Malgré un arsenal de congés spécifiques développé, le travail à temps partiel reste au cœur de ce qu’on qualifie aux Pays-Bas de politique de combinaison famille emploi. Il s’est déployé sur tout l’éventail des qualifications, surtout chez les femmes mais pas seulement, et a marqué de son empreinte le congé parental, de même que les pratiques en matière de garde d’enfants. La crise a conduit à des atermoiements en matière de politique de garde d’enfants, défavorables à l’emploi des femmes. Le retour à meilleure fortune en matière budgétaire à partir de 2013 fait réapparaître le thème de la combinaison famille-emploi, élargie entretemps à la problématique de la dépendance et des aidants qui travaillent. Mais le modèle néerlandais a ses limites : il est peu propice à l’indépendance économique des femmes peu qualifiées, n’a guère fait progresser le partage des tâches familiales et laisse de côté les travailleurs non stables, qui représentent aujourd’hui un tiers de la main-d’œuvre.

Portugal. Signes contradictoires dans le Portugal en crise
Raquel REGO et Jean-Marie PERNOT

Au Portugal, la problématique de la conciliation vie familiale-vie professionnelle a été confrontée récemment à des contradictions importantes. D’un côté, des mesures législatives et réglementaires ont été adoptées dans ce sens, de l’autre, la mise en œuvre du programme d’austérité a accentué la dégradation des conditions de vie. Dans la pratique, on constate cependant un meilleur exercice des droits, y compris ceux acquis récemment comme les congés parentaux, mis en place en 2009. Les quelques études disponibles montrent cependant que le sujet de la conciliation est encore largement considéré comme une affaire individuelle et féminine.

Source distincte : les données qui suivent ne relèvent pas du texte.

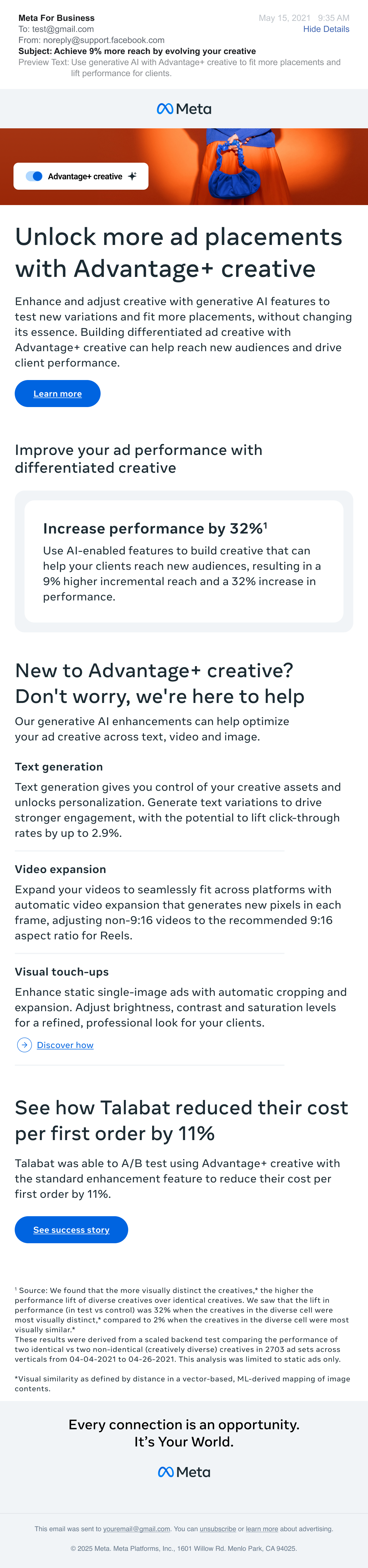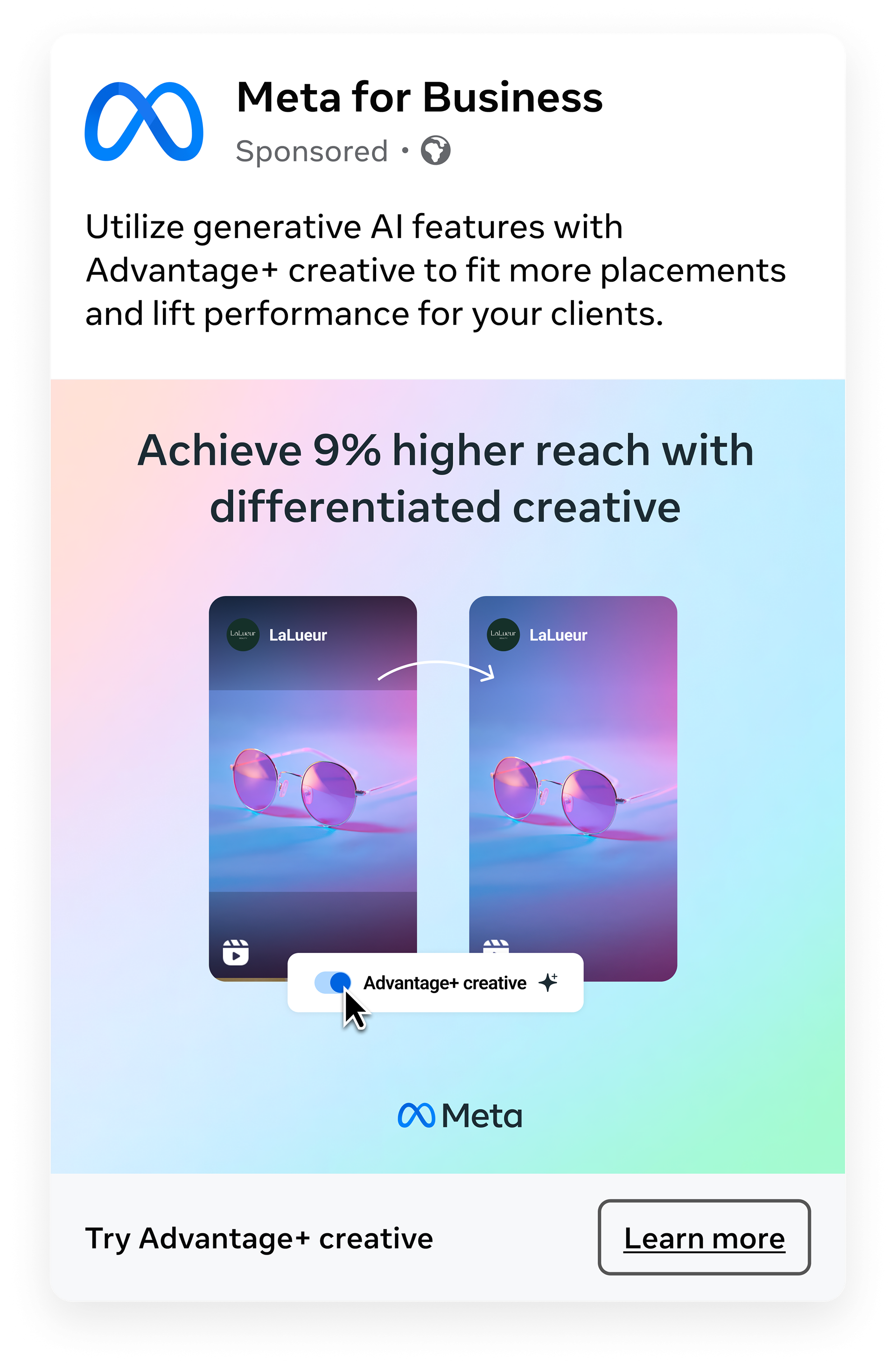 The goal was to push Advantage+ Creative as a GenAI suite, including features like text variations, video expansion, and visual touch-ups. Large agencies are often stretched thin, so we showcased how GenAI could help them save time and resources and produce successful client campaigns.
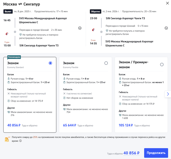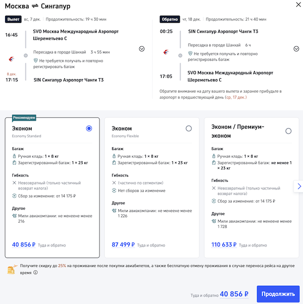 Билеты из Москвы в Сингапур в декабре от 40.900 рублей туда-обратно.
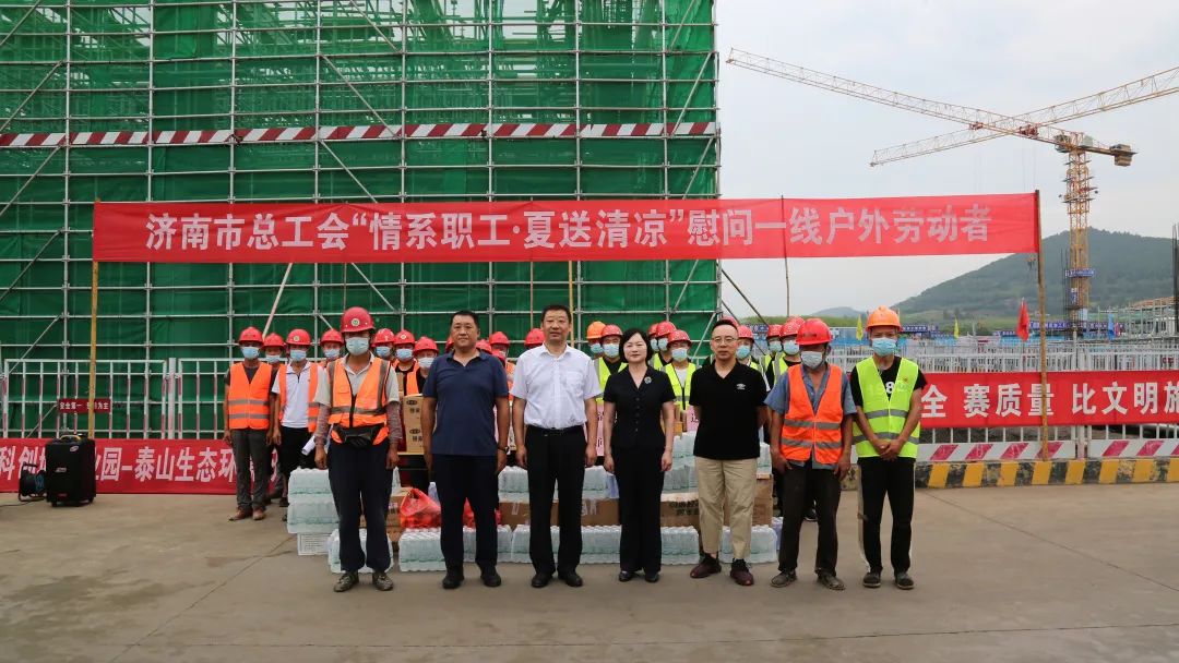 8月12日上午,濟(jì)南市總工會(huì)副主席申世平帶隊(duì)到中科院濟(jì)南科創(chuàng)城產(chǎn)業(yè)園項(xiàng)目現(xiàn)場(chǎng),為一線(xiàn)職工送去防暑降溫物品,慰問(wèn)一線(xiàn)建設(shè)者,市總工會(huì)宣教部二級(jí)調(diào)研員張昭力,建設(shè)集團(tuán)黨委副書(shū)記鐘善良,集團(tuán)工會(huì)相關(guān)負(fù)責(zé)同志參加活動(dòng)。
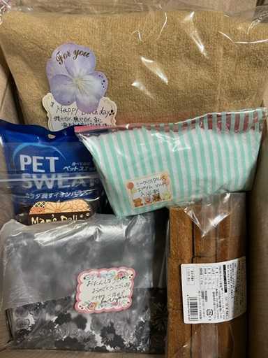 お誕生日プレゼントが箱いっぱいに詰まって届きました
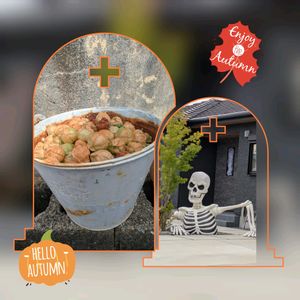 おはようございます(*^^*) まさか、同じ町内で、すんごいハロウィン飾りを目の当たりにするとは‼️‼️‼️ びっくりして、助手席から大急ぎでパチリ📱。 近寄りがたいかも・・・💧🤣🤣🤣 そんな写真とコラボさせたのは、 ちょっとお洒落な金属バケツに入ってた、 大量のフウセンカズラの実です♬♬ なんか、ハロウィンに合ってる⁉️(笑)
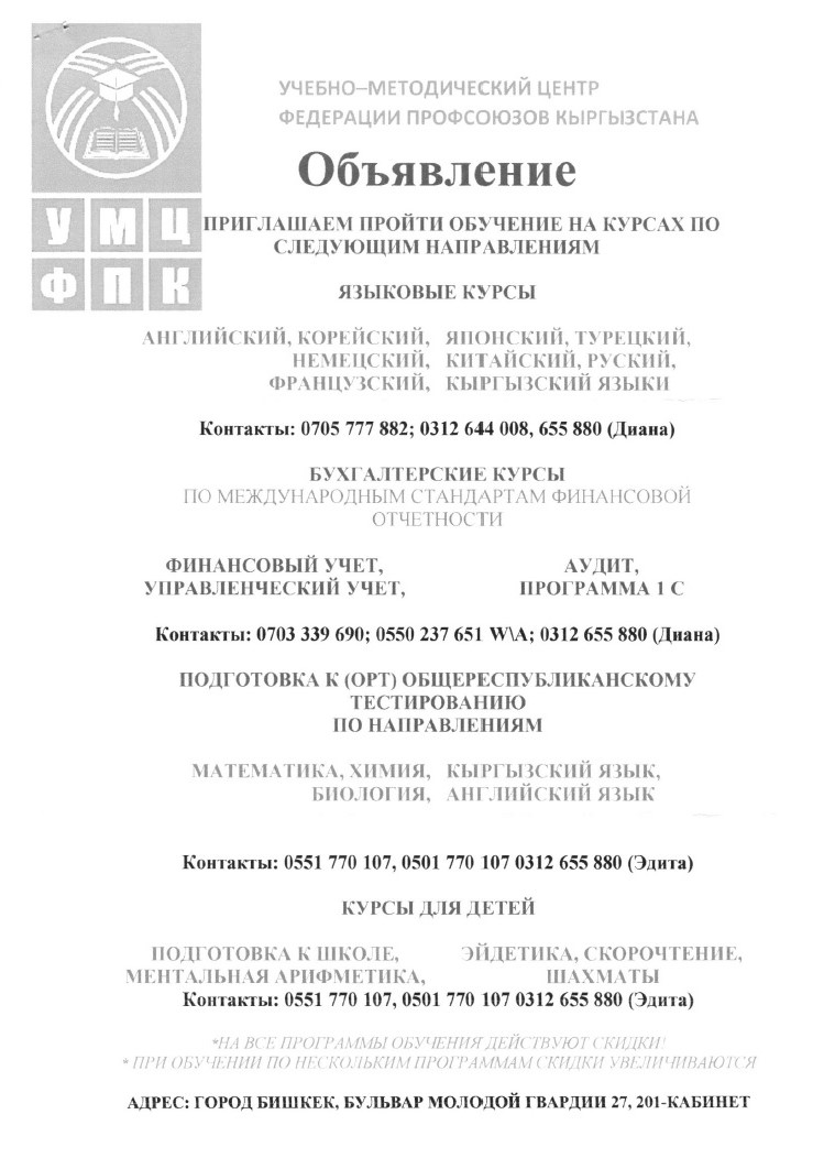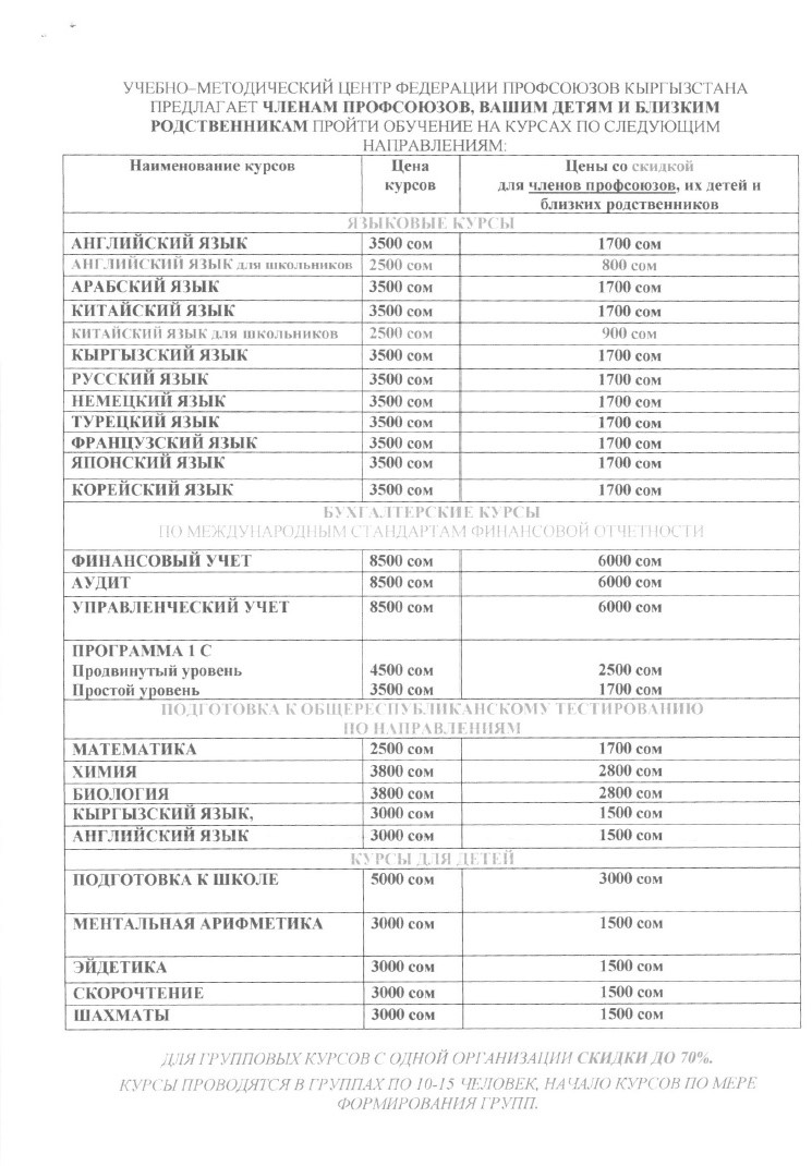 Учебно-методический центр Федерации профсоюзов Кыргызстана предлагает членам профсоюза, их детям и близким родственникам пройти обучение на курсах по направлениям:
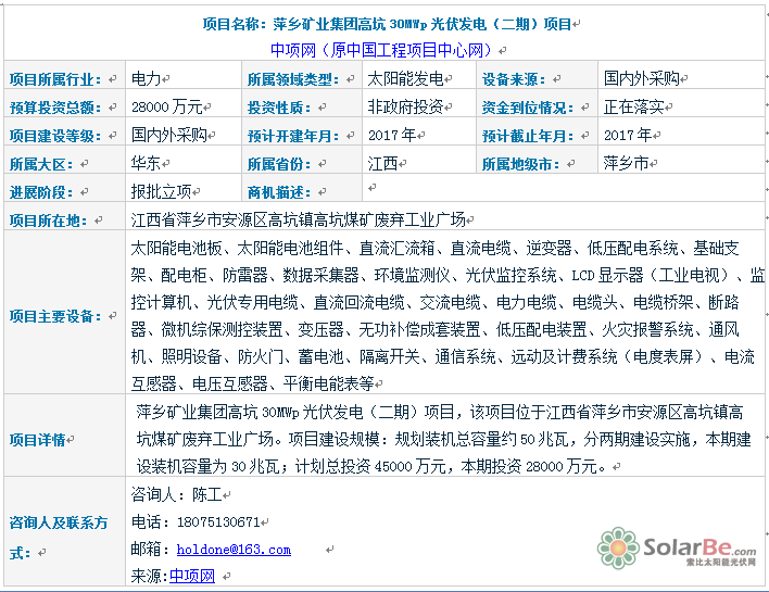 项目名称:萍乡矿业集团高坑30MWp光伏发电(二期)项目
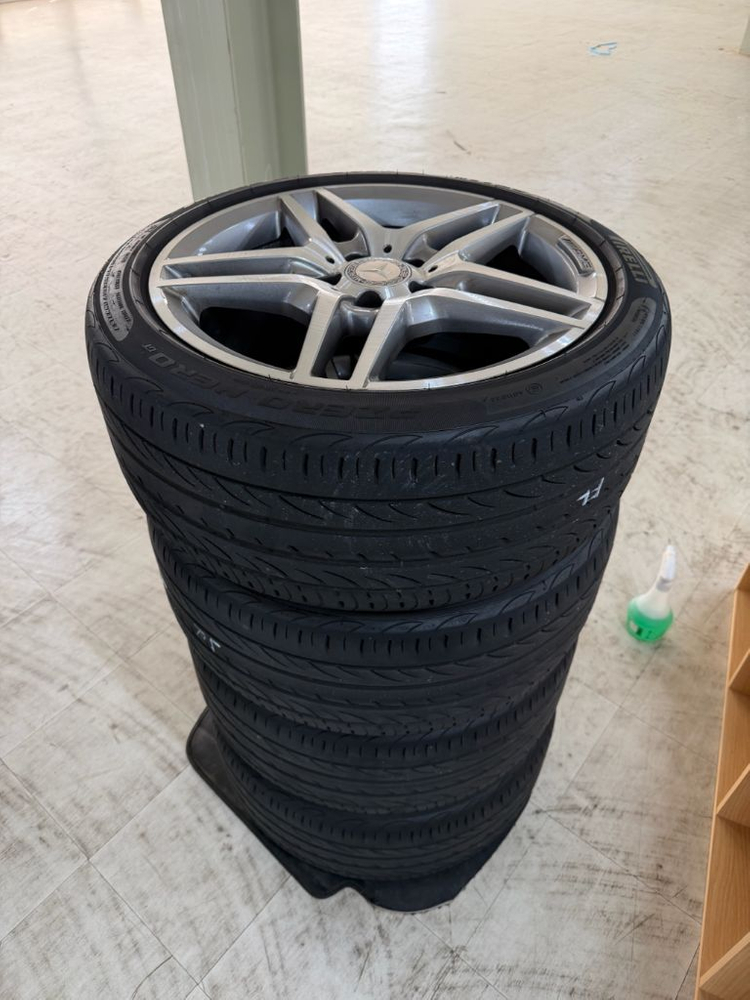 18인치 amg 휠 세트 4개 벤츠 w212 팝니다 벤츠 w212 e class 에 장착 했던 18인치 AMG 휠입니다. 휠에 주차스크래치는 있지만 깨져서 수리하거나 크랙이 있거나 하지는 않구요 윈터 썸머 휠세트 두개를 번갈아 끼우다가 차량을 윈터끼운채 판매해서 남은 제품 판매합니다 TPMS 포함해서 팔구요 타이어는 피렐리 p zero 245/40 ZR18 사이즈입니다. 타이어는 50프로정도 남았습니다 얼라이 자주 봐서 편마모는 없구요 휠싸이즈는 8.5J 옵셋 48 앞뒤동일 싸이즈 입니다 휠품번은 A2124010300 입니다
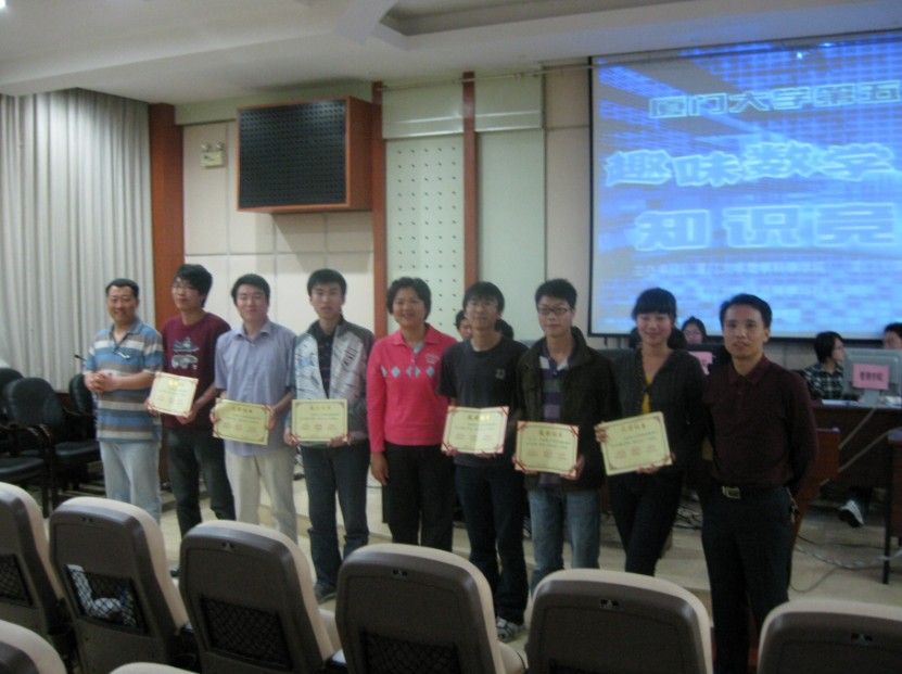 由9001cc金沙、信息与技术科学学院、软件学院主办的数学趣味知识竞赛决赛于五月九号晚七点举行,本次比赛经历了各院内部的选拔赛,两场预赛,经过激烈的角逐,最终由来自化学化工、信息科学与技术、海洋与环境、数学科学、管理、软件等六院代表队进入决赛阶段,经过必答题、选答题、猜词、抢答环节,最终决出第一名信息科学与技术——300分,第二名数学科学——280分,第三名化学化工——230分,第四名软件——220分,第五名海洋与环境、管理——210分,我院派出了陈继勇、成灵妍、欧剑宇这对组合,同时还勇得决赛第二名,猜词环节的第一名的好成绩。

Suède. Une politique d’articulation vie familiale-vie professionnelle profondément ancrée, en faveur des parents et des enfants
Annie JOLIVET

Considérée comme une référence en matière d’articulation vie familiale-vie professionnelle, la politique familiale, en faveur des parents et des enfants, est très profondément installée et très consensuelle. La Suède n’a pas engagé de réforme profonde de sa politique en faveur des parents et n’a pas réduit les prestations ou les services. Les deux dispositifs mis en place en 2008, qui consistent en une allocation de garde d’enfants et une incitation à destination des parents pour qu’ils partagent le congé parental ont eu un impact très modéré : ils seront supprimés en 2016 par le gouvernement issu des élections de septembre 2014.